Three-time Pro Bowl right guard Kyle Long had the four-year, $40 million extension that he signed in 2016 redone in order to decrease his $8.5 million cap hit and give the Bears some much-needed cap relief as the new league year quickly approaches. The Bears, who had only $12 million in cap space (No. 26 in the NFL before Long’s restructure) are expected to approach more players about contract adjustments before the new league year opens March 13.

Long, whom the Bears selected in the first round of the 2013 draft out of Oregon, enters the offseason healthy for the first time in several years. He missed eight games with a right foot injury last season but returned for the regular-season finale in Minnesota and wild-card defeat against the Eagles. His eight starts were the same number he made in 2016, when he signed his extension with a torn left shoulder labrum from the year before but battled through it for the first half of the season.

At his best one of the game’s more athletic big men and devastating run blockers, Long played in 10 games two seasons ago (nine starts) before a gruesome ankle injury requiring surgery last offseason, one of three separate medical procedures he was forced to undergo, along with shoulder and neck operations.

Long started 47 of a possible 48 games to begin his career, earning three consecutive Pro Bowl invites before a fluky run of injuries. With him set to return next season, the Bears should line up the same starting five offensive linemen from the year before for the first time in a while. That continuity could be key as the Bears aim to improve the NFL’s 21st-ranked offense (No. 27 in rushing yards a play).

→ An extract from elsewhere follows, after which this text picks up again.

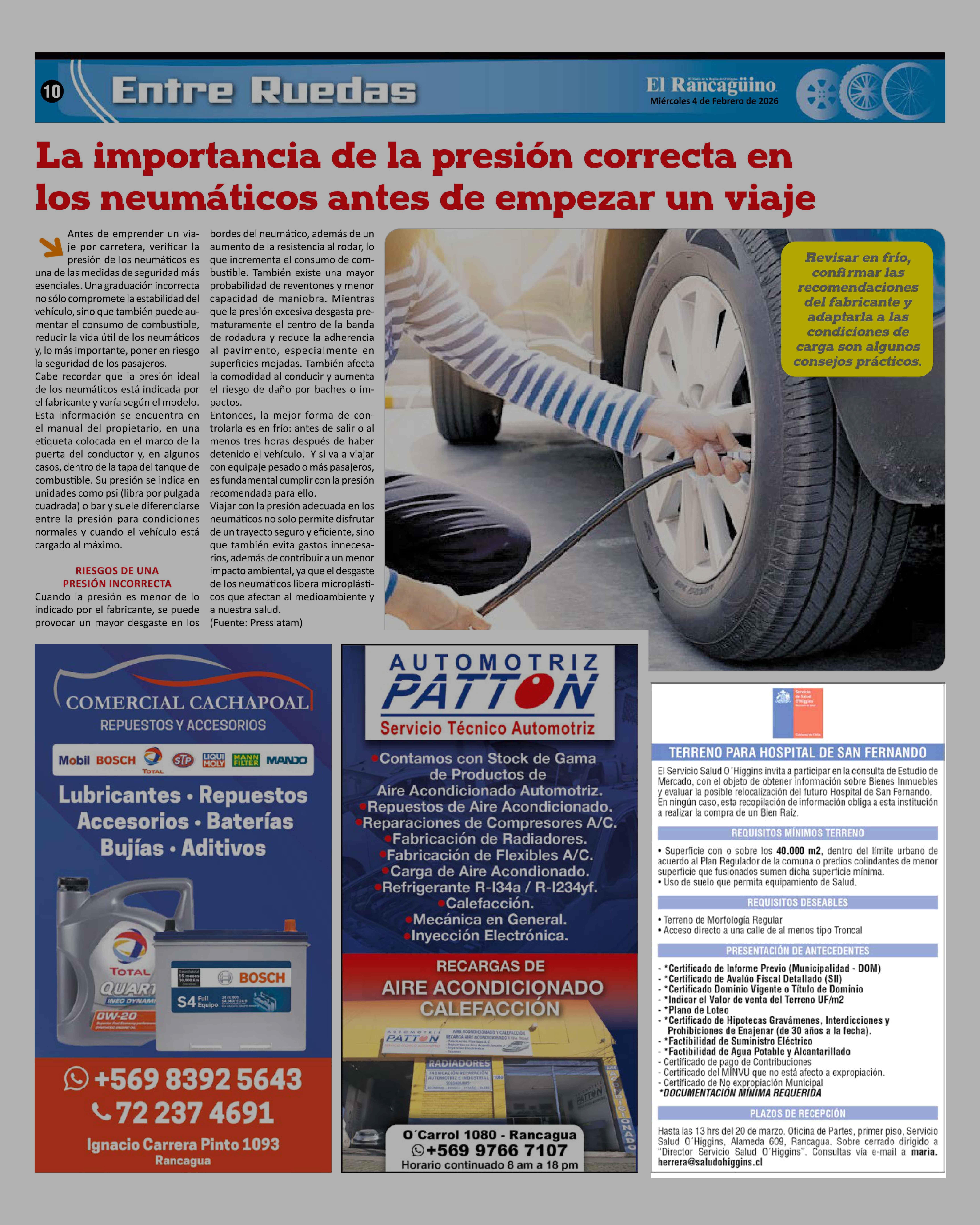 Aviso Licitaciones: TERRENO PARA HOSPITAL DE SAN FERNANDO 04-02-2026 El Rancagüino |
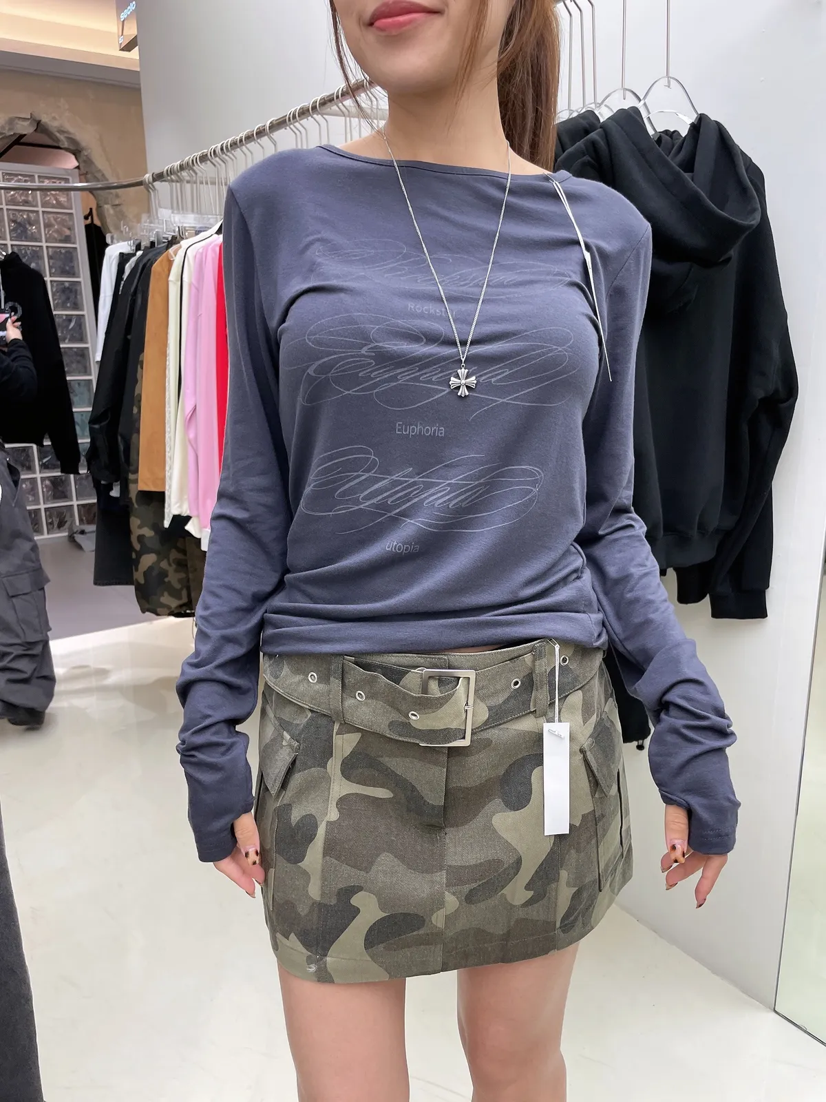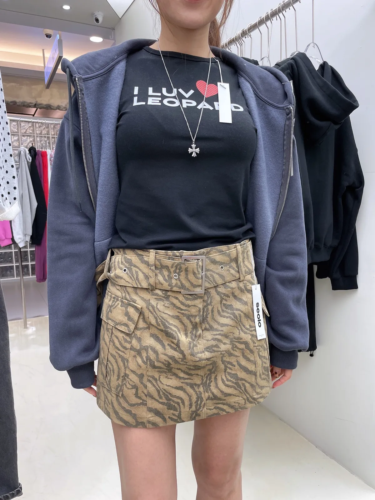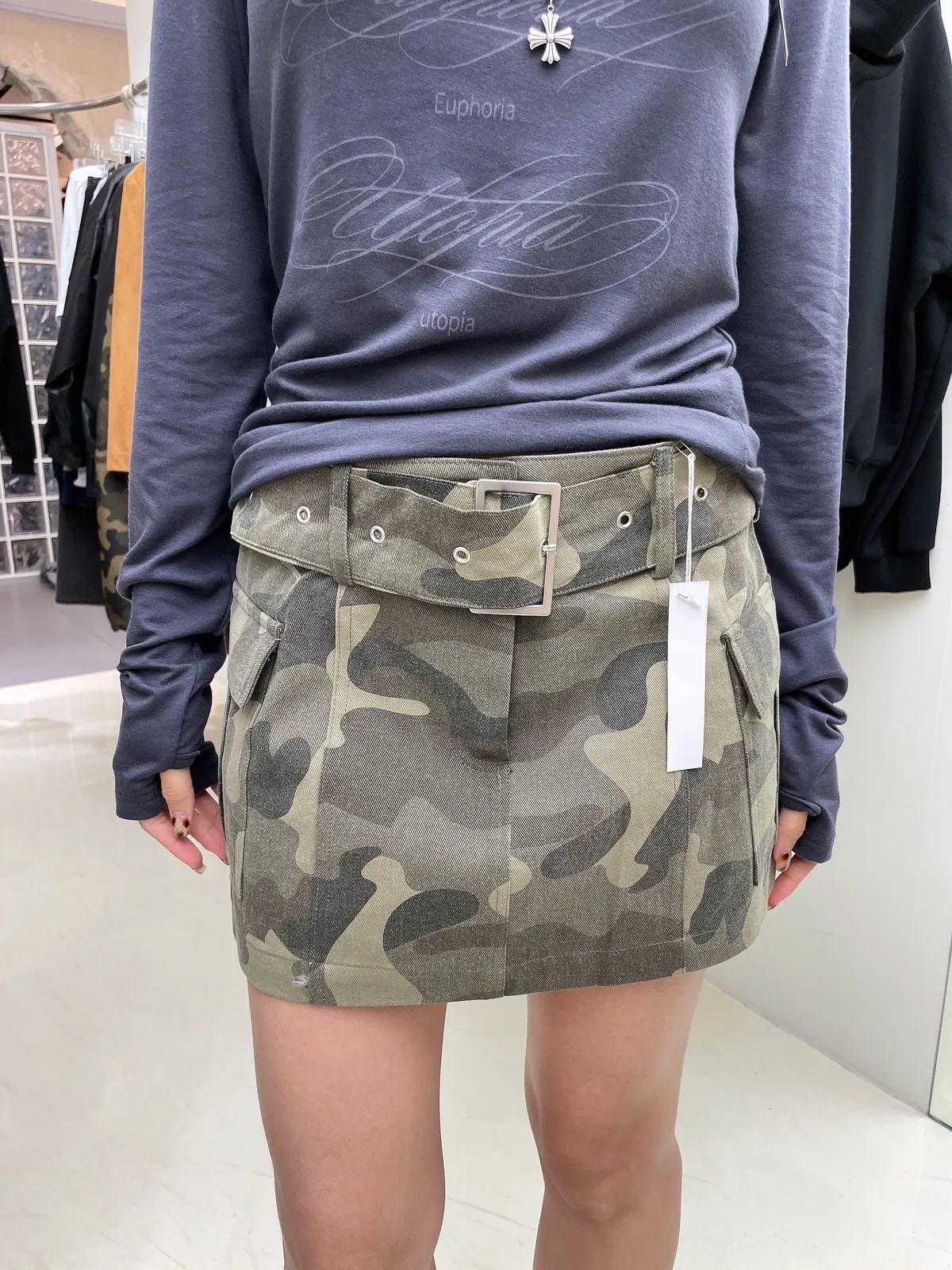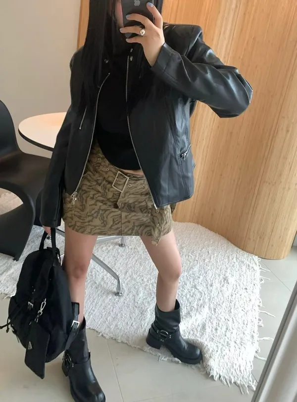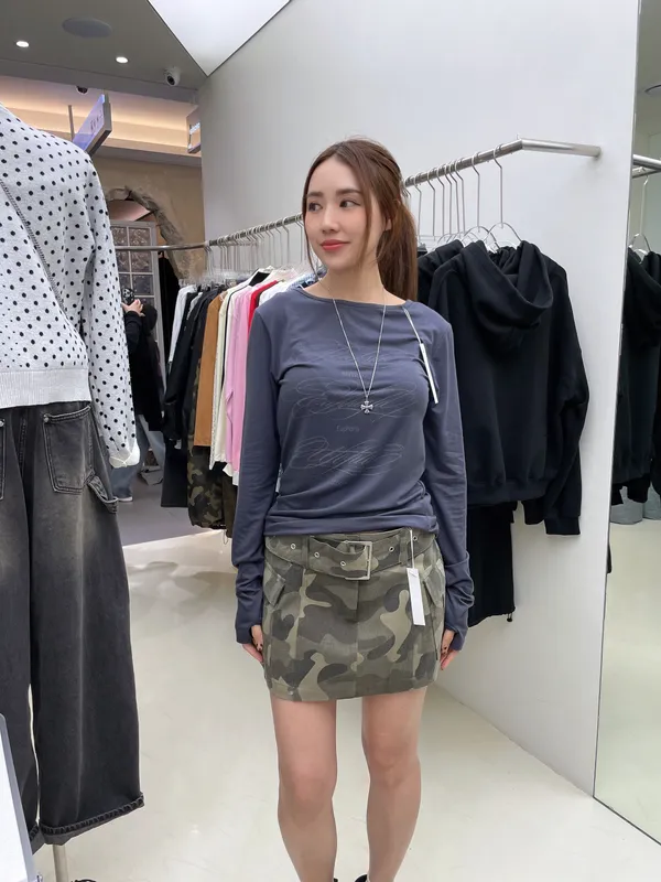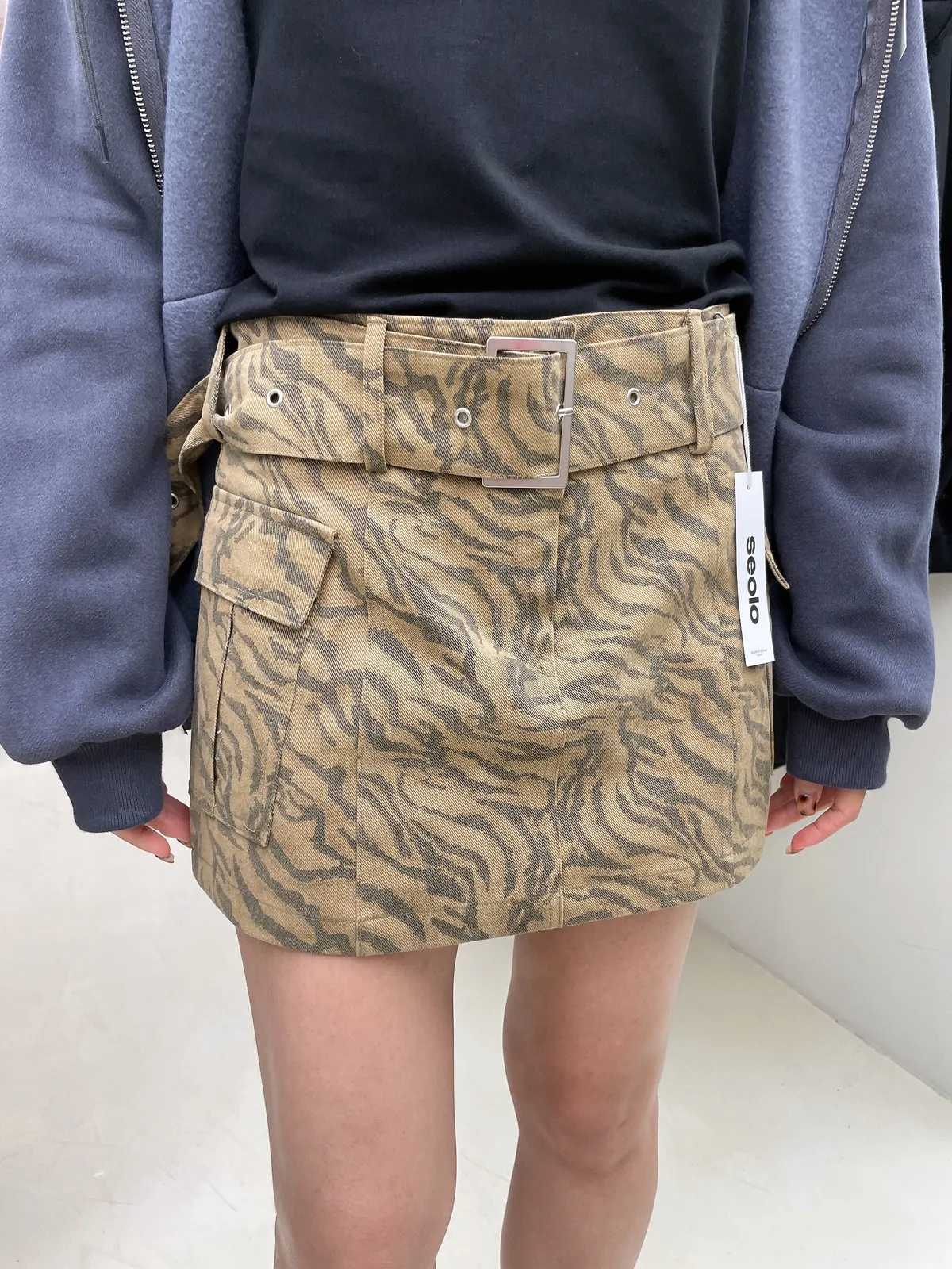 25IG17 迷彩虎紋薄斜紋腰帶短裙 2色 SM

Good as gone: One former longtime Bear who won’t be returning to the team is free-agent kicker Robbie Gould, who received the franchise tag from the 49ers at a cost of about $5 million. That all but extinguishes Bears fans’ faint hopes that Gould, the franchise’s all-time scoring leader and one of the NFL’s best kickers since the Bears unceremoniously dumped him before the 2017 season, would come back to clean up the Cody Parkey mess.

The Bears will move on from Parkey when the new league year begins in two weeks only one year into a four-year, $15 million deal that included $9 million guaranteed. He’ll account for $3.5 million in dead cap space once the move is official. But the Bears will swallow hard and turn the page after Parkey’s upright escapades and “Today” show appearance on the heels of his last-second playoff miss marked an abrupt end to the Bears’ breakthrough season.

The Bears signed free-agent kicker Redford Jones, a first-year player out of Tulane who never has kicked in the NFL, earlier this offseason. He’s expected to compete with a draft pick and/or college free agent and perhaps a more established veteran in 2019.